From his home in Port Hope, Case talks frankly about the problems caused by the ore refining process during the Great Depression. He knows the project well, because his involvement with the Port Hope Area Initiative (PHAI) began almost 40 years ago, after his graduation.

In 1976, Case was hired to work in Port Hope on a two-month assignment addressing the situation of low-level waste found in properties in the area, fragments of uranium left in the soil. He has been part of the team responsible for developing a solution to removing the contamination.

Well known to the energy industry, the President at Women in Nuclear-Canada and a senior program manager for Bruce Power, Heather Kleb has spent 20 years working on environmental assessments and she was the lead for the PHAI environmental assessment.

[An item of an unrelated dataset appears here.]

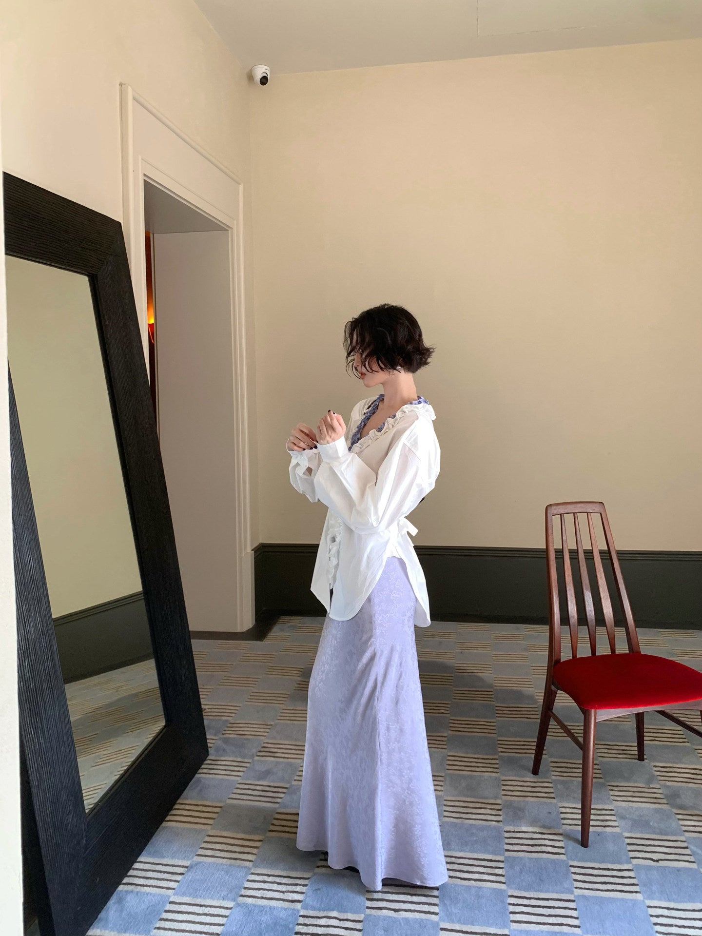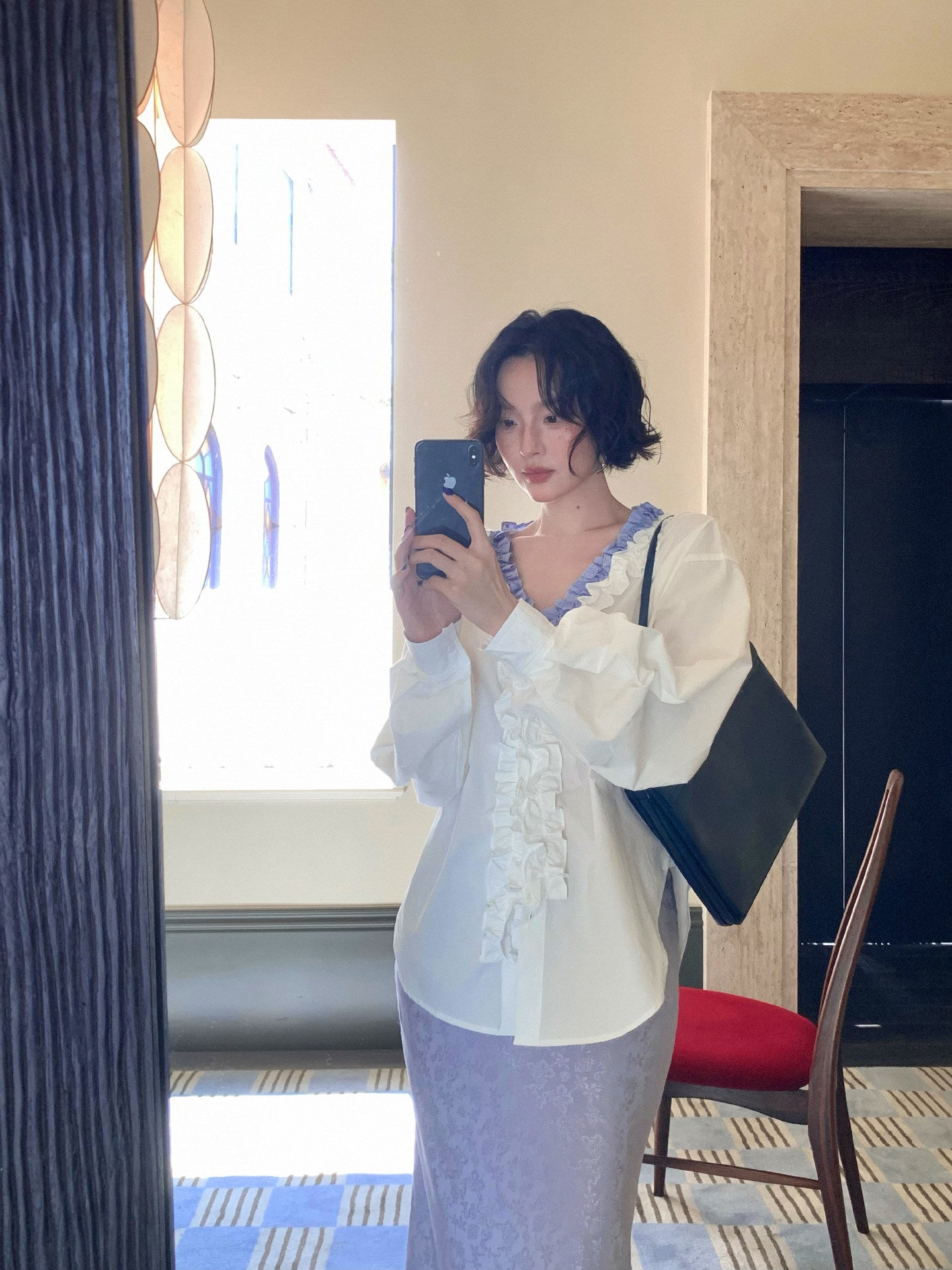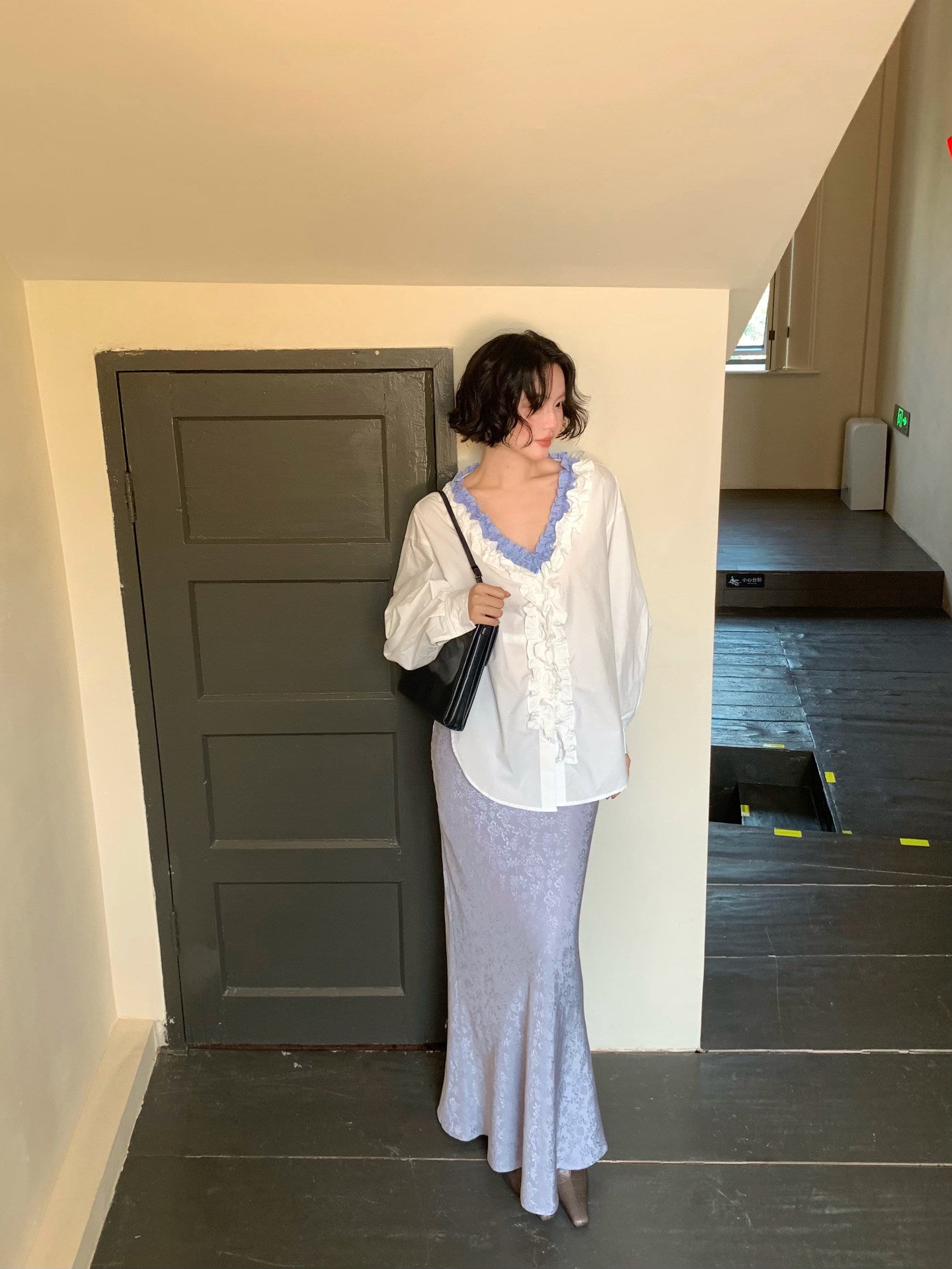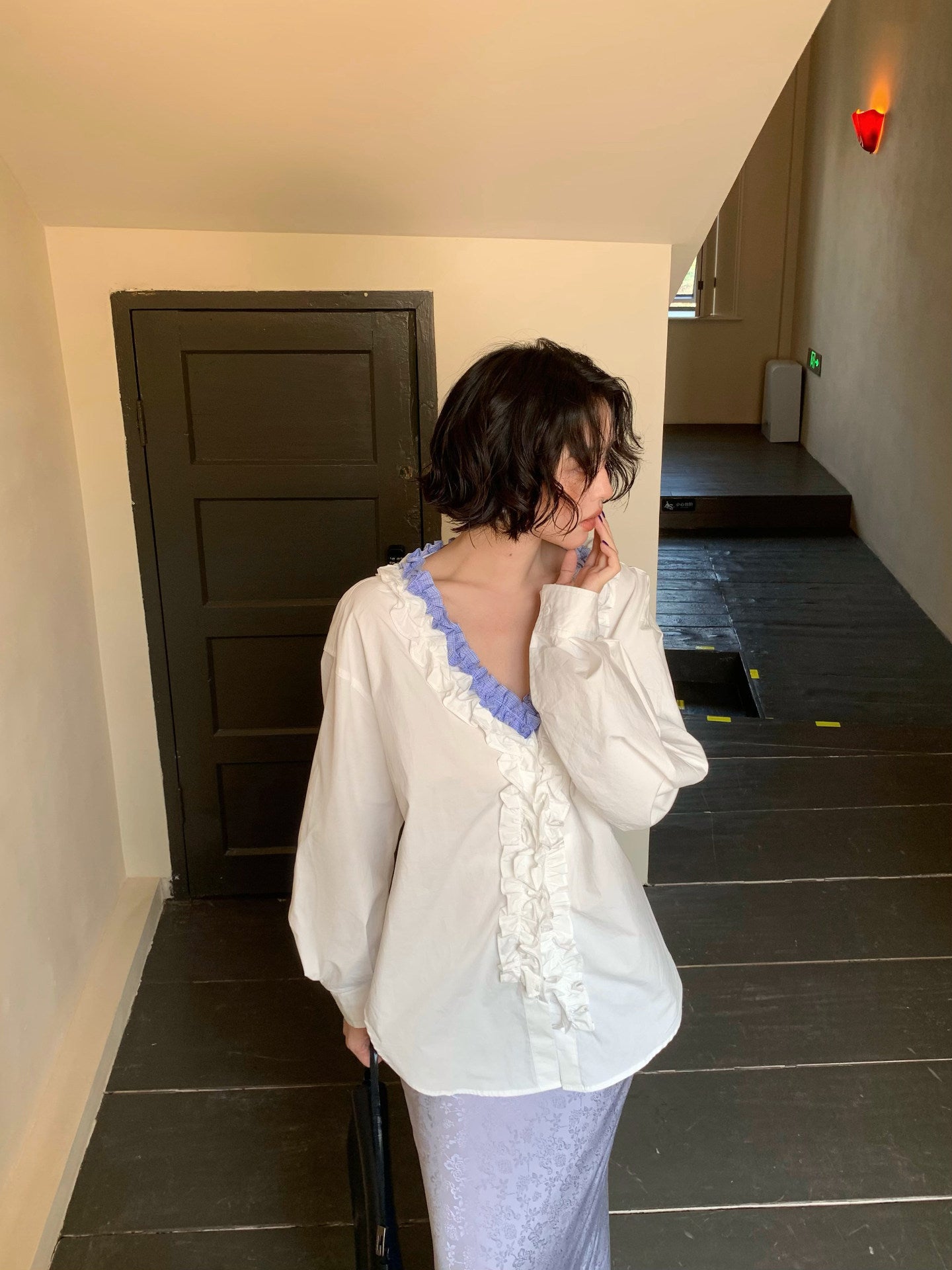 French Retro Color-Block Faux Two-Piece Lace V-Neck Shirt – Autumn Style

“The PHAI is a big project with big expectations, 600,000 cubic meters of soil to be properly disposed of it took almost a decade to complete the regulatory approvals,” says Kleb.

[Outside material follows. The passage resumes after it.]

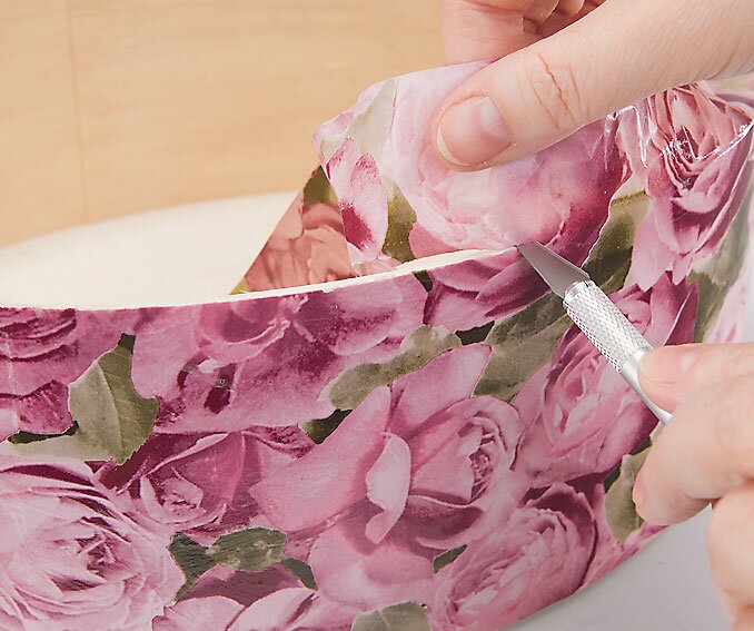 It doesn't matter at all if Décopatch Paper stands over the edges when gluing a box. After drying, these protruding snippets can be removed wonderfully: With a sharp scalpel they are simply cut off, the edge looks so clean.

“We needed to do comprehensive studies. We have knowledgeable communities because industry is here and there are ongoing consultations,” says Kleb. “Because it’s a nuclear project you also have to get approvals from the CNSC following the environmental assessment.”

PortHope1Today the project is fully underway with an expected completion date sometime in 2022. For the community of Port Hope the harbor and ravines once cleaned up will be able to be enjoyed by the community. Development constraints will also be lifted and a new green space will mark the past as Port Hope looks to the future.